The SCV flue gas carbon capture system based on LNG cold energy has been proposed, and the thermodynamic and carbon emissions analyses of this system were conducted. HYSYS software was used to optimize the system process parameters to seek the optimal design process. The main conclusions drawn from the present work are summarized as follows:

• Under the steady-state conditions, the energy consumption and carbon emissions of a SCV flue gas carbon capture system based on LNG cold energy were 38,514.8 kW and 803.3 kg/h, respectively. The CO₂ capture rate was 95.6%, the CO₂ capture capacity was 6663.5 kg/h, and the exergy efficiency was 13.32%.
• The SCV flue gas carbon capture system based on LNG cold energy utilized most of the LNG physical exergies. The utilization rate of LNG cold exergy was 77.61%, and the equipment with high exergy destructions was the heat exchanger.
• In order to improve the system’s exergy efficiency and reduce the energy consumption and carbon emissions of the system, the working fluid evaporation pressure, CO₂ capture pressure, and CO₂ capture temperature should be appropriately reduced within a certain range.
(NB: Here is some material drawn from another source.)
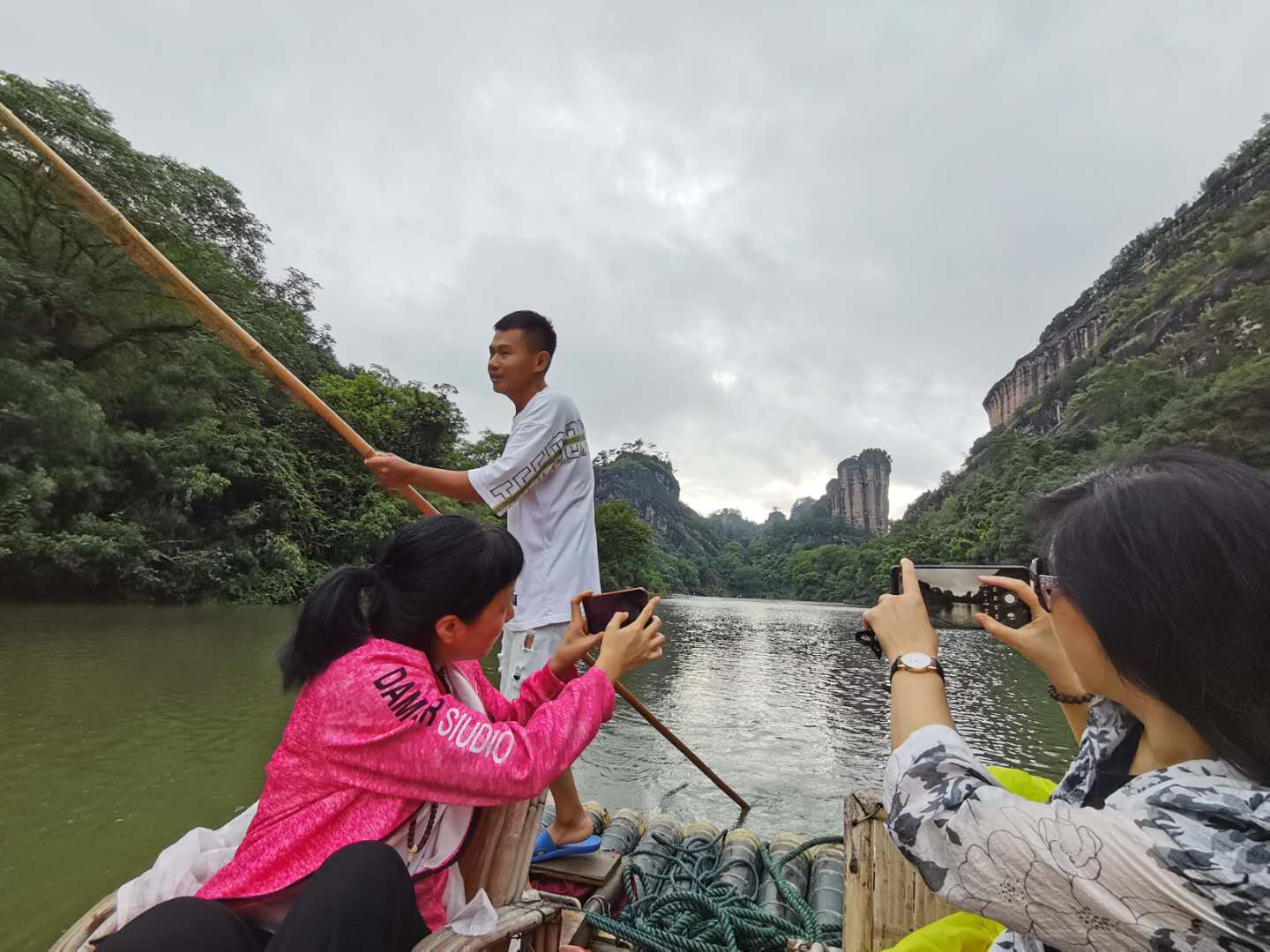 九曲溪發源於武夷山脈主峰——黃崗山西南麓的溪流,全長約9.5公里。澄沏清瑩,經星村鎮由西向東穿過武夷山景區,盈盈一水,折為九曲,山挾水轉,水繞山行,每一曲都有不同景致的山水畫意。澳門報採訪主任鄭燕清表示,以前瞭解武夷山的“丹山碧水”是在資料上得知的,“丹山”是指它有紫紅的、淺絳的、赤褐的斑駁陸離的各色峰岩,“碧水”便是武夷山九曲溪碧綠碧綠的泉水。現在身臨其境才更感受到大自然的鬼斧神工,覺得一到了這個地方就愛上了這裡,下次一定要帶朋友過來好好的多玩幾天。

• Under the final optimal conditions, the system was able to reach an exergy efficiency of 13.63%, an LNG cold exergy utilization rate of 77.49%, and a CO₂ capture rate of 94.9%.
• Compared to the conventional LNG regasification system (System B), the SCV flue gas carbon capture system based on LNG cold energy proposed in this paper has the characteristics of low energy consumption and low carbon emission. Subsequent process improvements can be combined with membrane separation technology.